Opera Meets Film: How Andrzej Żuławski’s ‘Boris Godunov’ Shows Past as Prologue

By John Vandevert

In January 1989, the Polish film director Andrzej Żuławski released his film “Boris Godunov,” a film that cost seven million dollars to create. It featured a live production of the monster opera conducted by the eminent Soviet cellist and conductor, Mstislav Rostropovich. The film would re-conceptualize the opera in a mise en abyme (self-reflection) style, layering the operatic performance inside a cinematic performance with shots of the camera crew and anachronistic clips of the Soviet life, thus destabilizing the identifiable barrier between the operatic universe and real-life.
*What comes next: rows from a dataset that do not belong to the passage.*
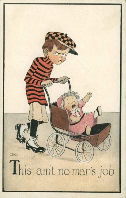Men of the early 20th century couldn’t be intimidated by the fear of being “outdone” by women. But that didn’t stop paranoid propagandists from creating postcards that were designed to do just that.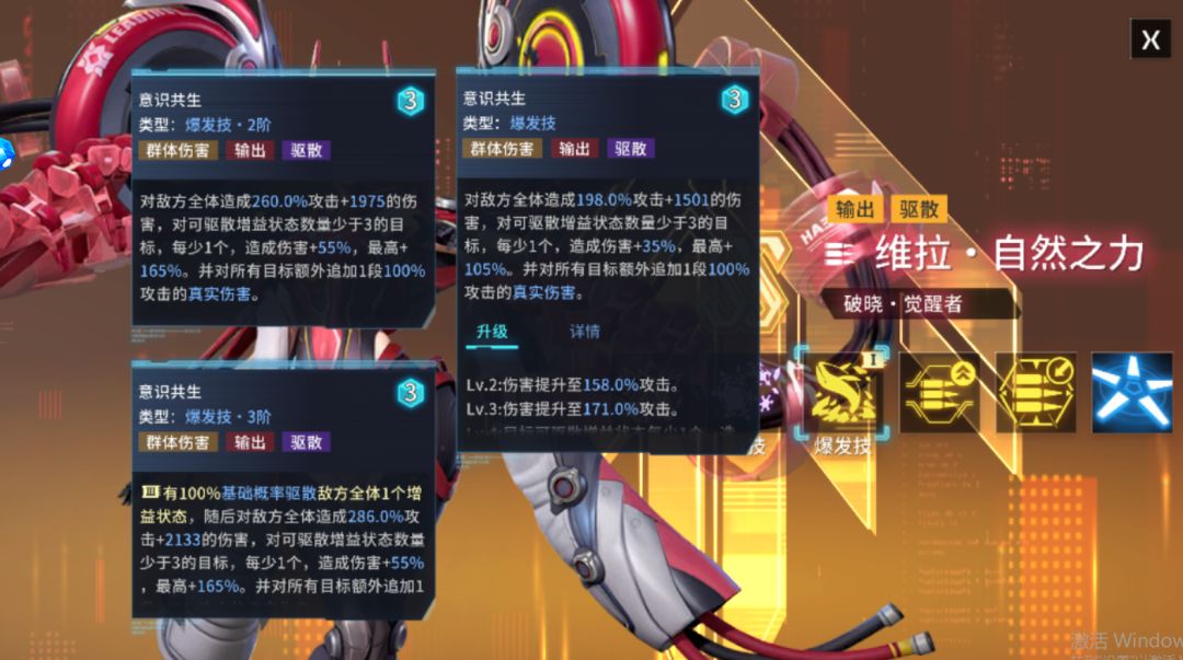 维拉·自然之力的核心爆发技:对敌方全体造成198.0%攻击+1501的伤害,对可驱散增益状态数量少于3的目标,每少1个,造成伤害+35%,最高+105%。并对所有目标额外追加1段100%攻击的真实伤害。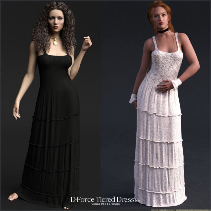 D-Force Tiered Dress for Genesis 8 and 9 Females

Decrying the film as “anti-Boris Godunov,” Żuławski attempted to showcase the heinousness of the Soviet regime and, by extension, Communism itself. Poland (his native land) was steeped in the destructive ideology until the fall of 1989. The same year, the Berlin Wall fell after the revolutionary period known as the “Autumn of Nations,” effectively forcing the East Germans to capitulate. Thus, the film inadvertently becomes a premonitory symbol of the consequences of the abuse of power, the corruption of the soul, and the inevitable destruction of those in undeserved power. It reads as poetic justice.

Released only five weeks after the fall of the Berlin Wall and preceded by the equally significant Polish Solidarity Movement, the fact that the film was released in 1989 with a plot that unambiguously highlighted the inordinate dreams of Tsarist grandeur by Lithuanian-noble Grigoriy Otrepyev (False Dmitry) is eerily akin to the entire length of Russian Sovietism, where barbarism, selfishness, and duplicity defined every leader. Such characteristics are also part of Polish Communist history. As soon as they expunged Nazism, Communism was piteously embraced. But in 1953, upon Stalin’s death, Poland’s own “Times of Trouble” would begin, and only in 1970 would modernism be attempted, and even then, it was half-hearted. In 1980, the first governmentally acknowledged sovereign trade union was formed. Yet, once Gorbachev introduced Perestroika in 1985, Poland again politically destabilized. This goes to show how unnervingly topical Żuławski had made his film. Despite nearly two-thirds of the opera being cut from the film (a point completely on-brand for the opera), any borders separating drama and life smudge. Because of the ongoing events unfolding in Ukraine, the narrative of “Boris Godunov” seems close to home.

Who Has the Power?

Żuławski, through his opera and its dramaturgical retelling of the tumultuous happenings during the Times of Trouble and the reign of the False Dmitry, attempted to convey through the film his animosity towards Russia following the fall of the Berlin Wall. Keep in mind that Andrzej Żuławski, a Ukrainian-born film director whose controversial and dense career inside Communist Poland was punctuated by the banned film “The Devil” (1927), a visceral and brutal allegory of the horrors brought about by the Communist regime. That film led to his extradition to France, and he knew first-hand the nefariousness of exploited power and man’s susceptibility toward corruption. Thus, when Communism officially ended in Poland as the result of the sweeping revolutionary movements in the fall of 1989, Żuławski’s film gained incredible significance. It became a palpable allegory against the fantastically dispassionate and utopian ideals created by not only Russian imperialism as the Soviet Union but the whole European project of totalitarianism itself.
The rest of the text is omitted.